Mercedes-Benz Vision EQXX First Ride: Mercedes’ Megameter EV
This swoopy sedan crossed the Alps, went 87 mph on the autobahn, and finished a 1,000-km drive with juice left in its 100-kWh pack.Behold the most efficient Mercedes ever: the Vision EQXX. On Tuesday, April 5, this experimental concept car drove 626 miles—or 1,007 km, just over a megameter—from its birthplace in Stuttgart, Germany, up and over the 6,900-foot Gotthard Pass in Switzerland to the French Riviera on a single 100-kWh battery charge. The car averaged 56 mph by strictly adhering to all speed limits, peaking at 87 mph on a no-limit stretch of autobahn. They made two 15-minute bio-break stops, arriving in Cassis having consumed only 88 percent of the battery with 87 miles of range remaining (certified by German TÜV authorities). We traveled to the Nice design center that penned the exquisite EQXX to learn how this impressive feat was accomplished and to get a sense of how close the forthcoming EQC sedan might come to achieving similar results.
0:00 / 0:00
Prioritizing Efficiency Efforts
The overarching goal set for the EQXX team was to achieve a single-digit kWh/100 km consumption figure (9 kWh/100 km=233 mpg-e). The Riviera Run yielded an overachieving 8.7 kWh/100 km (241 mpg-e). The team prioritized its efforts proportionately to the forces acting on such an electric compact sedan at speed: 62 percent of the energy expended goes to overcome aerodynamic forces, 20 percent to overcoming the vehicle's weight and rolling resistance, and 18 percent goes to drivetrain losses.
Lowest Drag Without Fender Skirts
Aero was obviously the development team's No. 1 priority, and wheels are a huge problem (front wheels typically create one-third of a sedan's aero drag). The easiest (and ugliest) way to fix this is by faring the wheels into the bodywork with skirts or spats, but the team in Nice managed to minimize wheel drag with very smooth, unvented wheel covers, by specifying the tire sidewall contours and demanding all labeling be carved into the rubber, not embossed on it, and by insetting the rear wheels almost 2 inches relative to the fronts, putting them in the "wind shadow" of the front wheels. The considerable plan-view taper of the greenhouse makes possible those sensuous rear shoulders that mask this "design don't" (it also benefits aero), but at considerable cost to rear seat shoulder room.
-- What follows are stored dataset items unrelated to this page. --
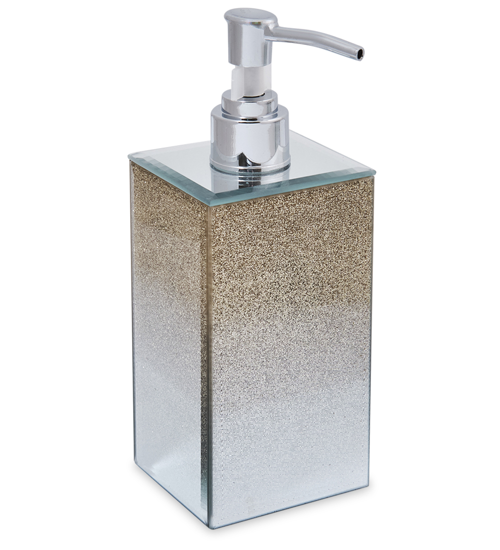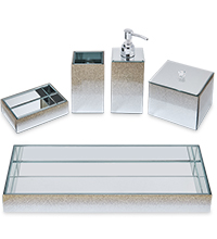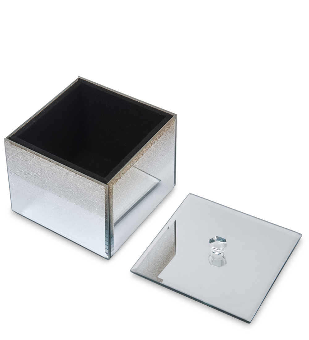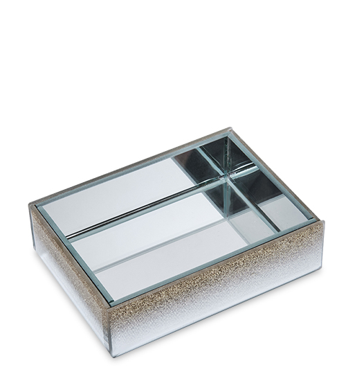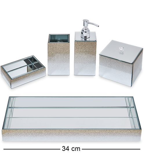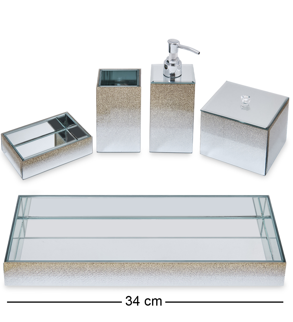 Материал: стекло (зеркало) Подставка - 34х13х4 см, 835гр. Дозатор 6,5х5,5х17,5 см, 330 гр. Шкатулка - 9,5х9,5х9,5 см (высота с учетом ручки на крышке), 383 гр. Мыльница - 11,3х8,3х3 см, 220 гр. Стакан - 6,5х6х11,5 см, 410 гр.
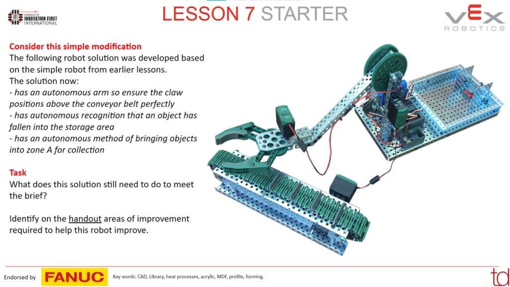 Working closely with the Fanuc team in Coventry on a project to create a 12-week learning program for secondary school students. This program will teach students about production line design and programming using the VEX EDR robotics platform.
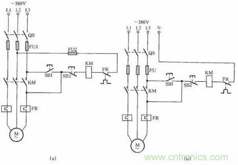 接觸器線圈電壓為380V時(shí),可按圖12(a)所示接線;接觸器線圈電壓為220V時(shí),可按圖12(b)接線。圖12(a)的接線還有缺陷,即在電動(dòng)機(jī)停轉(zhuǎn)時(shí),其引出線及電動(dòng)機(jī)帶電,使維修不大安全。因此,這種線路只能在應(yīng)急時(shí)采用,并在維修電動(dòng)機(jī)時(shí),應(yīng)斷開控制電動(dòng)機(jī)的總電源開關(guān)QS,這一點(diǎn)應(yīng)特別注意。
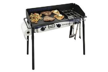 Introducing Camp Chef's biggest, most powerful outdoor appliance. The Expedition 3x. With three 30,000 BTU/hr burners, this stove is great for any occasion. Each burner produces three times the heat of a burner on your kitchen stove: To add versatility, we have included our awesome "true-seasoned" steel griddle. The 24 x 18 inch Deluxe Fry Griddle features restaurant style high sides and convenient grease drain. It fits over two burners. The heat skirt provides even heat distribution. Because this griddle comes with Camp Chef true-seasoned finish, it is ready to use right out of the box. Griddle works great for stir-fry's, fajitas, breakfasts, steaks, etc: To top off the package we have included a three-sided windscreen to help keep the flame burning strong and a paper towel holder and a utensil holder for your stove to keep your shelves free from clutter. With this package you should be able to cook anything - anywhere - anytime just like you would at home: Features: Three high capacity 30,000 BTU burners. Includes true seasoned steel 24"" x ""18 Griddle. Includes paper towel holder. Includes utensil holder. Windscreen. Product Specifications: Stove Dimensions: 38"" x 16 1/4"". Cooking Area: 573-square inches. Height: 30"". Total Output: 90,000 BTU. Weight: 47 lbs. Warranty: One Year.
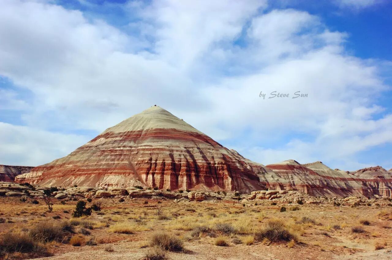 沿着24号路往东开出去,找到Caineville Wash Road,一路开就能到太阳神庙和月亮神庙。“一路开”说的轻巧,其实这一路可真不好开。因为这是一条土路,一路颠簸,小猴强烈建议高底盘车辆,最好还能加上四驱。如果遇上天气不好,路面泥泞,小伙伴们就歇歇吧,估计拖车钱也够一个月的生活费了。
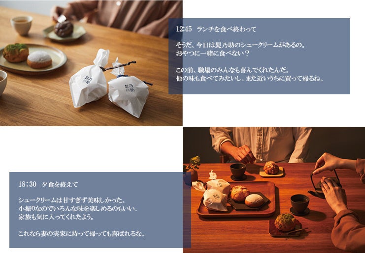 今回発売する髭乃助ことわざになぞらえた個性豊かなネーミングの新作シュークリームは、甘酸っぱいあんずの果肉とヨーグルトを合わせたクリームをもちもちの生地で包みこみ、初夏に似合う爽やかな味わいに仕上げた「あんず」 を使用した“あんずるより食うが美味し”、黒須きな粉が香ばしいクリームに、「わらび餅」のぷるぷるとした食感をあわせた“棚からわらび餅”の2種類。この2種類の新作シュークリームは「食べたら美味しい、だけど食べないとわからない。」髭乃助こだわりのシュー生地に包まれた見た目は、なんとも素朴でありながらも一口食べると広がる初夏の味わいが楽しめるシュークリームです。
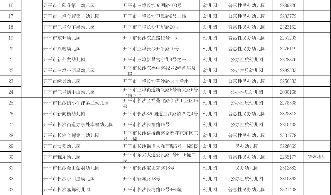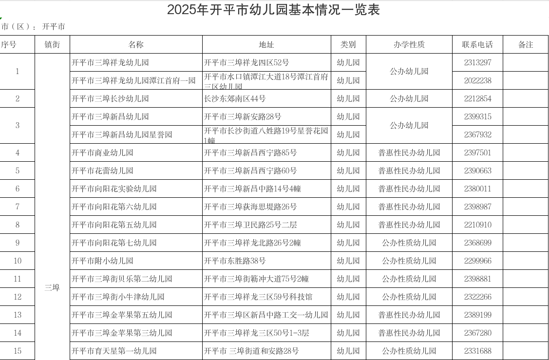 2025年開(kāi)平市幼兒園基本情況一覽表
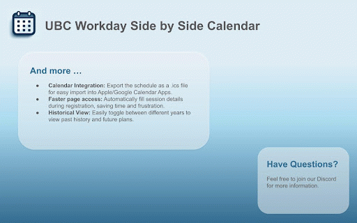 UBC Workday Side by Side Calendar
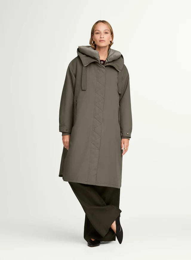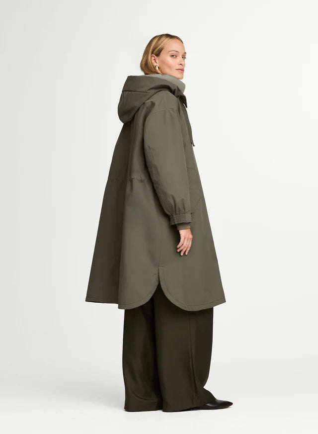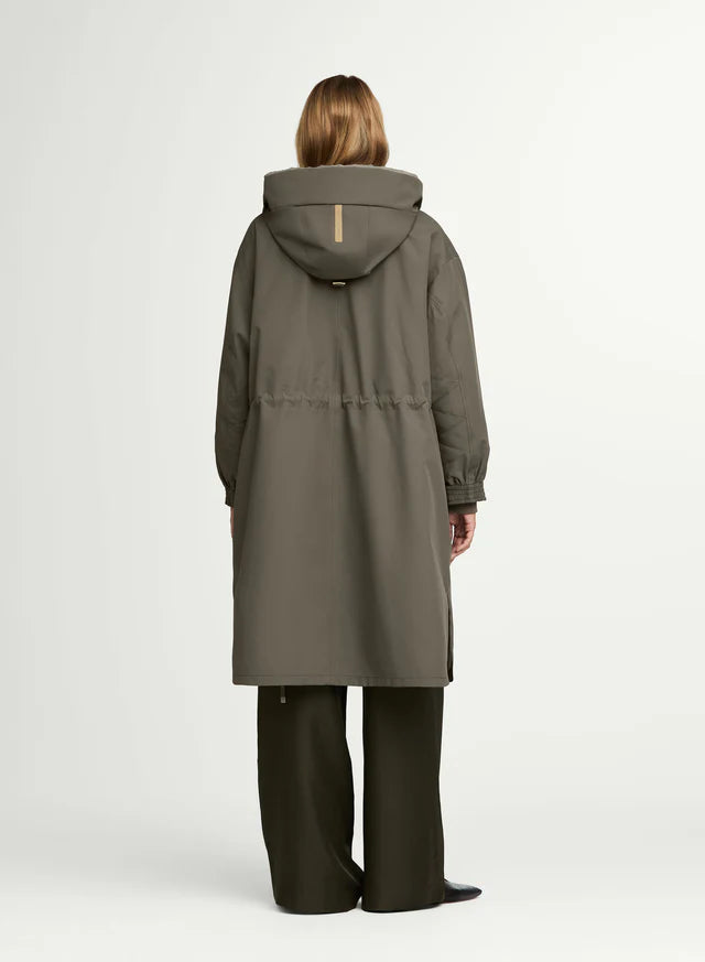 - Silueta variable mediante cordĂłn interno en la cintura trasera.
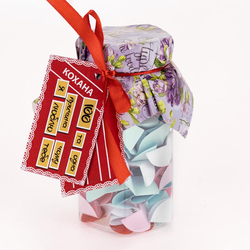 100 и Одна Причина, почему я люблю тебя Любимая (укр.) — тщательно отобран нашими специалистами по ярким эмоциям. Баночка поможет Вам ежедневно радовать близкого Вам человека теплыми словами любви. Такой изумительный сюрприз можно подарить на день рождения либо преподнести в день всех влюбленных. Разворачивая фантики, произносите Лучшая, Милая, Любимая… Разумеется. Подарок выполнен на украинском языке. Вы можете постараться сделать такую банку своими руками, но это заберет у Вас невероятно много времени. Чтобы Вы не сидели несколько часов, вырезая фантики и придумывая, что же написать, мы сделали все за вас. Вы можете купить уже готовую увлекательную игру в подарок родным и близким, друзьям и знакомым. Интернет магазин Карнавал Приколов предлагает купить оптом интересные и оригинальные подарки по низким ценам, а также Вы можете оформить заказ на сайте и задать любые интересующие вопросы менеджеру, заказав звонок на нашем сайте.
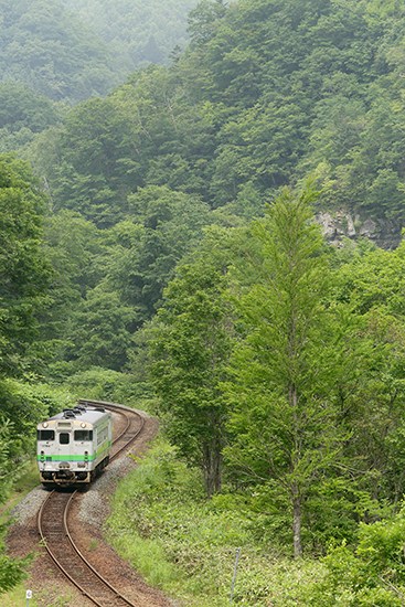 夕張からの折り返しは、すぐにやってきます。昨年も撮ったS字カーブですが、ここで北海道色を撮りたかったのです(昨年は日高色でしたから)。
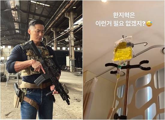 공개된 사진에는 링거 수액과 함께 '한지혁은 이런 거 필요 없겠지?'라는 문구가 담겼다.

The next biggest aero advance (good for 0.01 Cd) is the rear diffuser, which extends almost 8 inches and drops down 3 degrees at speeds above 35 mph to work with the rest of the sharp edge that rings the tail of the vehicle to manage airflow separation and minimize drag-inducing turbulence. The rest of the story is more conventional: smooth underbelly and A-pillars, smaller, more aerodynamic mirrors, an underbody "cooling plate" that rejects heat directly to air passing under the car, meeting most of the vehicle's cooling needs so the conventional radiator need only be used for climate control or extreme heat. That's fed by shuttered openings in the lower grille that exhausts air through hood vents. The end result: a drag coefficient below 0.17 and a frontal area of 2.10 square meters for a total drag reduction of 29 percent relative to the EQS sedan (0.20, 2.51 sq m).